Chronique : Celle qui nous colle aux bottes (Rue de l'échiquier)

Il y a 1 semaine 27

E n fin de cursus à l’École nationale supérieure des Arts Décoratifs, Marine doit rendre un mémoire sur le sujet de son choix. Elle pense immédiatement à ses racines et au décalage toujours plus grand entre campagne et ville. En effet, cette fille d’agriculteur « émigrée » à Paris et pratiquement devenue bobo est bien placée pour constater le fossé creusé par l’ignorance entre ces deux mondes. Obligations de rendement, contraintes de production versus chute de la biodiversité et pollution des sols, le combat est âpre et rares sont ceux qui arrivent à dialoguer. Ce beau projet lui permettra également de se reconnecter avec les siens.

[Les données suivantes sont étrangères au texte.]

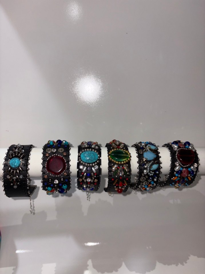 Renkli boncuklar ve işlemeli detaylarla bohem tarzda, günlük kullanıma uygun bileklikler.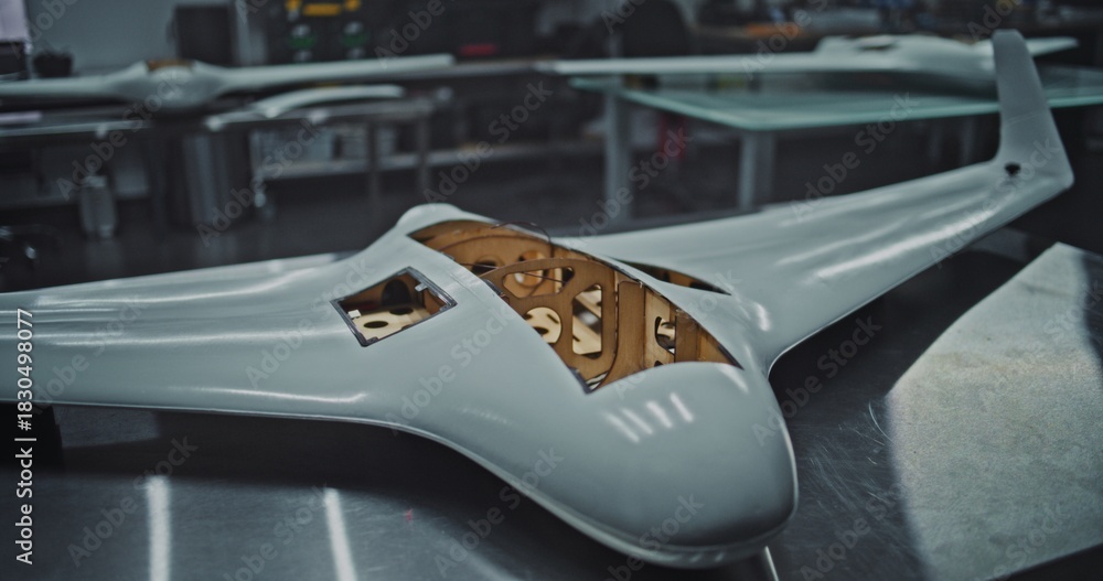 Close Up of Large UAV Open Fuselage, Revealing Lightweight Internal Structure. Composite Structure Internal Frame of Fixed Wing Surveillance Drone. Concept Drone Engineering and Material Design.

Premier livre d’une autrice encore en rodage, Celle qui nous colle aux bottes est une bande dessinée documentaire doublée d’un témoignage autobiographique sincère et sympathique. L’approche générale fait immanquablement penser au Étienne Davodeau de Rural! ou des Ignorants, voire, par moments, à Derf Backderf et son Trashed. Le ton est donné, le réel et l’humain trônent au centre des débats. Évidemment un peu scolaire, la narration est néanmoins bien structurée et globalement complète. La scénariste prend le temps d’entendre les différents points de vue avant d’avancer des solutions possibles ou acceptables, tant pour l’environnement que les producteurs. En prime, un suspens final : arrivera-t-elle à convaincre son père d’y aller mollo avec le glyphosate ?

Débuter sa carrière avec un ouvrage de deux cent pages est très courageux. En étant direct, il est impossible de dire que le résultat, spécialement graphique, s’avère décoiffant. Le trait est hésitant et souvent maladroit. Heureusement, le découpage et la mise en scène se montrent plus solides et rendent la lecture agréable et même prenante. La dessinatrice n’a pas abdiqué devant l’ampleur de sa tâche et réussit à proposer un tout cohérent sur la longueur. Face à la pagination et à l’ambition de l’album, c’est déjà une victoire en soi.

Malgré quelques hésitations au niveau des illustrations, Celle qui nous colle aux bottes est une première œuvre honorable qui devrait parler à tous ceux que le futur de la planète inquiète et interroge.